|
|
-
How to lower the total number of map tasks
Shing Hing Man 2012-10-02, 16:34
I am running Hadoop 1.0.3 in Pseudo distributed mode. When I submit a map/reduce job to process a file of size about 16 GB, in job.xml, I have the following mapred.map.tasks =242 mapred.min.split.size =0 dfs.block.size = 67108864 I would like to reduce mapred.map.tasks to see if it improves performance. I have tried doubling the size of dfs.block.size. But the mapred.map.tasks remains unchanged. Is there a way to reduce mapred.map.tasks ? Thanks in advance for any assistance ! Shing
-
Re: How to lower the total number of map tasks
Chris Nauroth 2012-10-02, 17:00
Those numbers make sense, considering 1 map task per block. 16 GB file / 64 MB block size = ~242 map tasks.
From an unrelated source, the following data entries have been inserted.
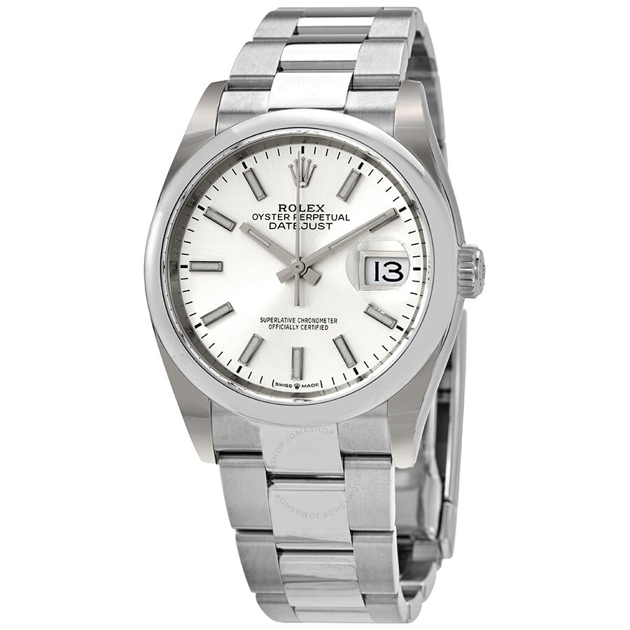 Stainless steel case with a stainless steel Rolex oyster bracelet. Fixed domed stainless steel bezel. Silver dial with luminous silver-tone hands and index hour markers. Minute markers around the outer rim. Dial Type: Analog. Luminescent hands and markers. Date display at the 3 o'clock position. Rolex calibre 3235 automatic movement with a 70-hour power reserve. Scratch resistant sapphire crystal. Screw down crown. Solid case back. Round case shape. Case size: 36 mm. Fold over oyster clasp. Water resistant at 100 meters / 330 feet. Functions: date, hour, minute, second, chronometer. Luxury watch style. Watch label: Swiss Made. Rolex Datejust 36 Automatic Silver Dial Men's Oyster Watch 126200SSO. CASE Case Size: 36 Case Color: Silver-Tone Case Material: Stainless Steel Case Shape: Round Case Back: Solid BAND Band Material: Stainless Steel Rolex Oyster Band Type: Bracelet Band Color: Silver-tone Clasp: Fold Over Oyster DIAL Dial Color: Silver Type: Analog Crystal: Scratch Resistant Sapphire Hands: Luminous Silver-tone Dial Markers: Index Second Markers: Minute Markers around the outer rim Luminiscence: Hands and Markers Bezel: Fixed- Domed Bezel Color: Silver-tone Bezel Material: Stainless Steel Crown: Screw Down INFORMATION Brand: Rolex Series: Datejust Collection Name: Datejust Gender: Mens Model: 126200SSO Watch Label: Swiss Made Movement: Automatic Engine: Rolex Calibre 3235 Power Reserve: 70 hours FEATURES Water Resistance: 100 meters / 330 feet Calendar: Date display at the 3 o'clock position Functions: Date, Hour, Minute, Second, Chronometer Watch Features: Stainless Steel, Chronometer, Analog ADDITIONAL INFO Watch Style: Luxury Warranty: 2 Year Jomashop Warranty Jomashop Sku: RLX126200SSO Department: Watches Category: Watches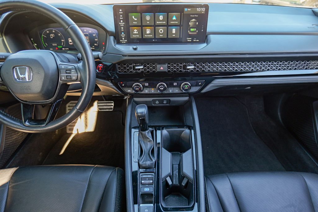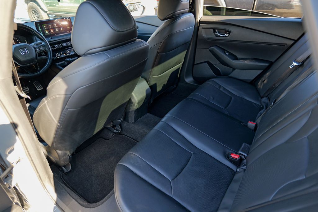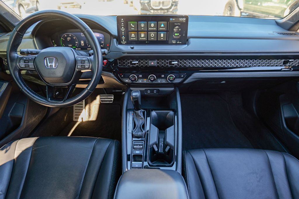 2023 Honda Accord Hybrid Sport-L Crystal Black Pearl Accord Hybrid Sport-L, 4D Sedan, 2.0L 16V DOHC, eCVT, FWD, Crystal Black Pearl, Gray Leather, 8 Speakers, Adaptive Cruise Control: Adaptive Cruise Control (ACC) with Low-Speed Follow, AM/FM radio, Apple CarPlay/Android Auto, Auto High-beam Headlights, Automatic temperature control, Brake assist, Electronic Stability Control, Exterior Parking Camera Rear, Four wheel independent suspension, Front dual zone A/C, Fully automatic headlights, Heated Front Bucket Seats, Lane departure: Lane Keeping Assist System (LKAS) active, Leather-Trimmed Seat Trim, Memory seat, Power door mirrors, Power moonroof, Power passenger seat, Radio data system, Radio: 180-Watt Audio System, Remote keyless entry, Speed-Sensitive Wipers, Steering wheel mounted audio controls, Wheels: 19 x 8.5J Matte Berlina Black.Preowned vehicle pricing includes a dealer trade-in rebate of $2495. Customer must trade-in a 2015 or newer vehicle in order to qualify. See dealer for details.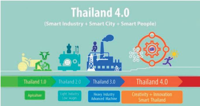 在上一届政府中,泰国政府努力推动泰国迈向“Thailand 4.0”时代。如图1。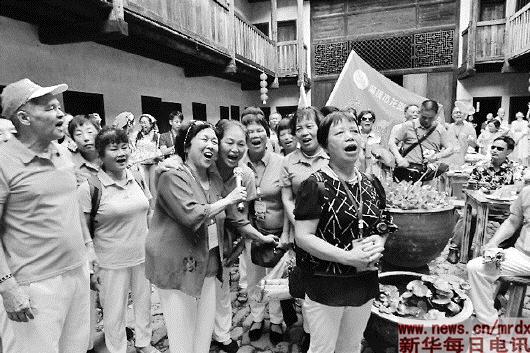 ▲8月7日,来自海内外的200余名客家山歌名家及爱好者齐聚江西全南县,通过对歌联唱,共诉客家情,齐唱新生活。这是客家山歌爱好者在现场飙歌。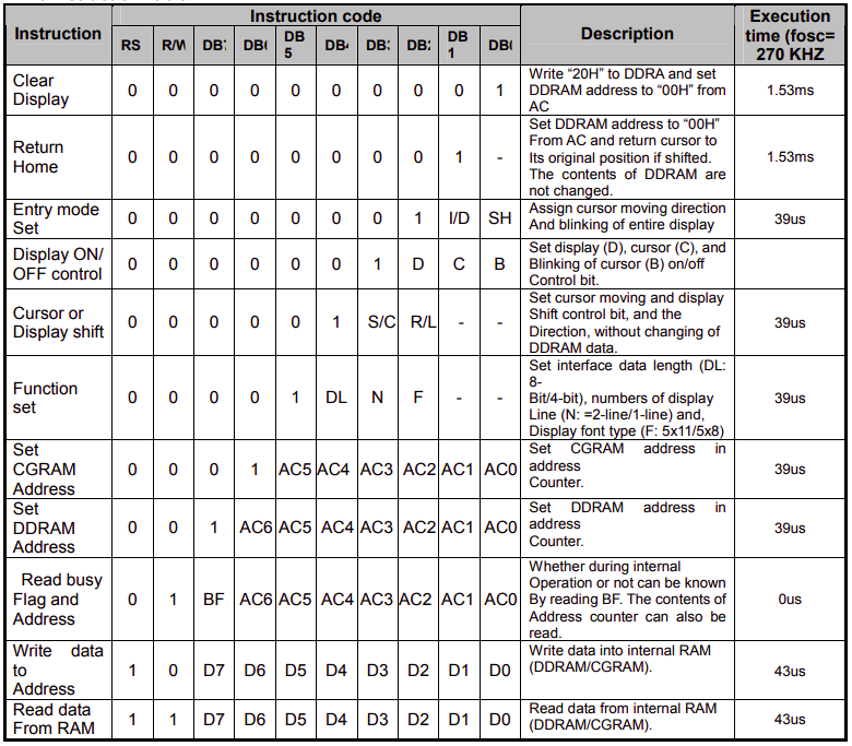 LCD 16x2 Commands/Instructions

When you doubled dfs.block.size, how did you accomplish that? Typically, the block size is selected at file write time, with a default value from system configuration used if not specified. Did you "hadoop fs -put" the file with the new block size, or was it something else?
Thank you, --Chris
On Tue, Oct 2, 2012 at 9:34 AM, Shing Hing Man <[EMAIL PROTECTED]> wrote:
> > > > I am running Hadoop 1.0.3 in Pseudo distributed mode. > When I submit a map/reduce job to process a file of size about 16 GB, in > job.xml, I have the following > > > mapred.map.tasks =242 > mapred.min.split.size =0 > dfs.block.size = 67108864 > > > I would like to reduce mapred.map.tasks to see if it improves > performance. > I have tried doubling the size of dfs.block.size. But > the mapred.map.tasks remains unchanged. > Is there a way to reduce mapred.map.tasks ? > > > Thanks in advance for any assistance ! > Shing > >
-
Re: How to lower the total number of map tasks
Bejoy Ks 2012-10-02, 17:01
Hi
You need to alter the value of mapred.max.split size to a value larger than your block size to have less number of map tasks than the default.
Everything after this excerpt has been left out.